O que distingue a hidra dos outros animais é a perfeita identidade do interior e do exterior.

Experimentemos virar uma hidra do avesso: sem a menor perturbação ela continua a agitar a verde corola de flagelos, a dobrar-se em passos sucessivos de dança.

É difícil evitar as antropomorfizações – que dominam todas as nossas concepções do universo, as mais abstractas – quando nos debruçamos sobre a existência privada das hidras.

Além da hidra, o homem será o único animal da criação cuja interioridade se confunde e identifica exactamente com o mundo exterior. Mas tal como sucede com as hidras, o virar-se do avesso como um dedo de luva, não é uma situação natural: alguém terá de cometer o atentado, desensimesmar o corpo até que as noções de interior e exterior se tornem meros dados relativos ao local e ao momento.

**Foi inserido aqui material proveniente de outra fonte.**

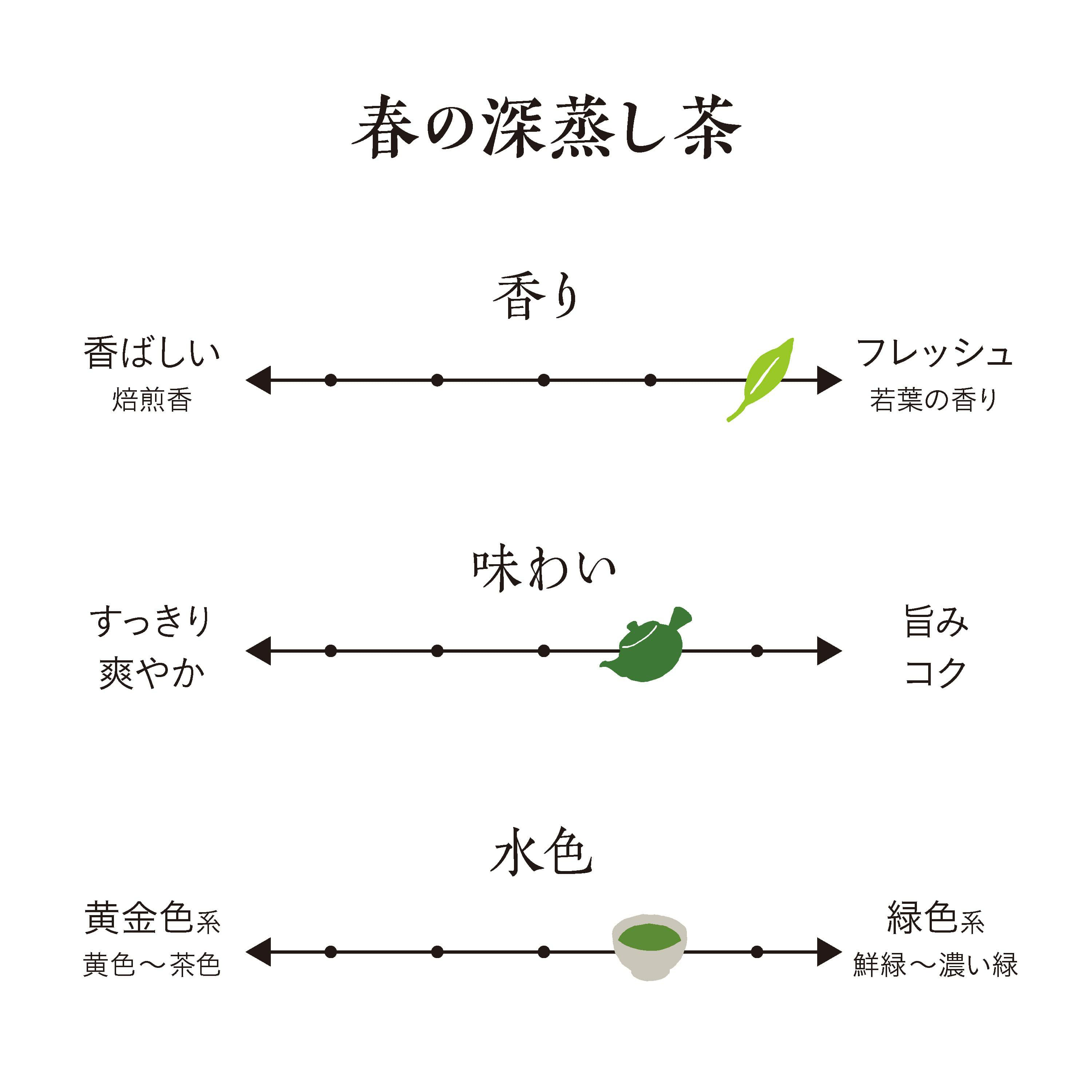 深蒸し茶は蒸す時間が長いことによってお湯に溶け出る茶の成分が多いため、茶碗に注いだ時の液色も濃い緑色となります。濃い緑色ではありますが、旨味成分が多いため渋みは少なく、まろやかでコクのある喉越しが特徴です。

Quem sabe, entretanto já no plano arbitrário das conjectures, se no maravilhoso período da adolescência, as hidras não se entregam a uma apaixonada introspecção, se não desejam acima de tudo «encontrar-se»?

A FLAGELAÇÃO

Um facto único, e aparentemente secundário, distingue homens e hidras: a flagelação.

A anatomia bastará talvez para explicá-lo: a hidra é provida de flagelos, ao passo que o homem falho desse poderoso elemento anatómico, terá de procurá-lo fora de si.

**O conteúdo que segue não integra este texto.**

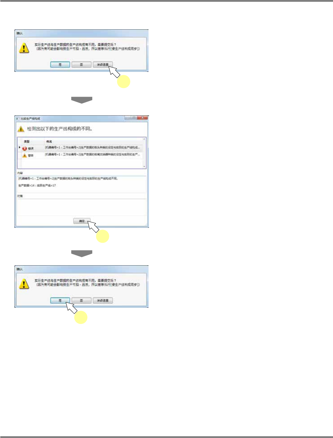当实际生产线与生产数据的生产线构成存在不同时,将显示确认画面。

A flagelação constitui na verdade o meio mais corrente para realizar esse ideal complexo e vago, que precipitadamente, talvez, defini como «encontrar-se», de acordo com a terminologia adoptada em certos níveis de evolução intelectual.

Tomada como meio de ascenção, desde a existência lodosa dos impulsos até ao luminoso nível da consciência, a flagelação chega frequentemente a ser tomada, em si, como um ponto de chegada, uma maneira de estar no mundo, e daí a tornar-se um esquema ideal de existência.

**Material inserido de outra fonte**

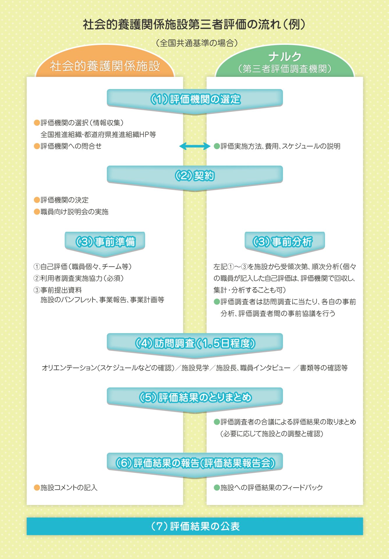 大阪と神奈川のナルク福祉調査センターでは、全国共通の評価基準に基づきサービスの品質の評価を行い、評価結果を公表することで、サービスの改善につなげ入所者の福祉の向上に寄与することを目的としています。

Não falemos já da flagelação praticada como meio de ascese pelos anacoretas e por e por todos aqueles que tomam pelo aventuroso caminho do martírio voluntário, ao encontro da própria imagem ampliada pela ambição e pelo medo da morte. Esse caso limite toma nos nossos dias aspectos mais amáveis, continuando o azorrague e os e os cíclicos a actuar apenas pelo valor simbólico de que se revestem, representados nas imagens dos santos que vamos venerando.

A evolução dos costumes, libertando-nos das penitências, procuradas ou impostas, privou-nos também das alegrias da flagelação.

Hoje, a sobrevivência desse rigoroso costume, tendo-se multiplicado numa profusão de formas por vezes difíceis de identificar, manifesta-se sobretudo na prática do acto sexual.

(...)

NEUROSE

A medição entre o impulso e o acto constitui uma verdadeira flagelação, logo, um meio de ascese. Mas uma verdadeira ascese conduz a um plano de realização superior, como seja a fusão final do indivíduo no espírito universal, ou, mais modestamente, ao «encontrar-se», que tão frequentemente se confunde com ter automóvel e frigorífico.

Para o comum dos mortais, encontrar-se, é mesmo assim um luxo raro, que rapidamente se rejeita, por desistência.

Negado o impulso original, incapaz de guindar-se às realizações superiores, o indivíduo comum, normal, fica sujeito à invasão do mundo exterior, è compensação fácil dos espectáculos baratos que o dia a dia nos oferece.

Daí a identificação ontológica com a hidra, a reversibilidade do interior e exterior.

A violência que essa situação implica, por melhor que seja a sua aceitação, vai deixando que mais tarde se tornem sensíveis, alteram o comportamento, anulam a pureza original dos reflexos.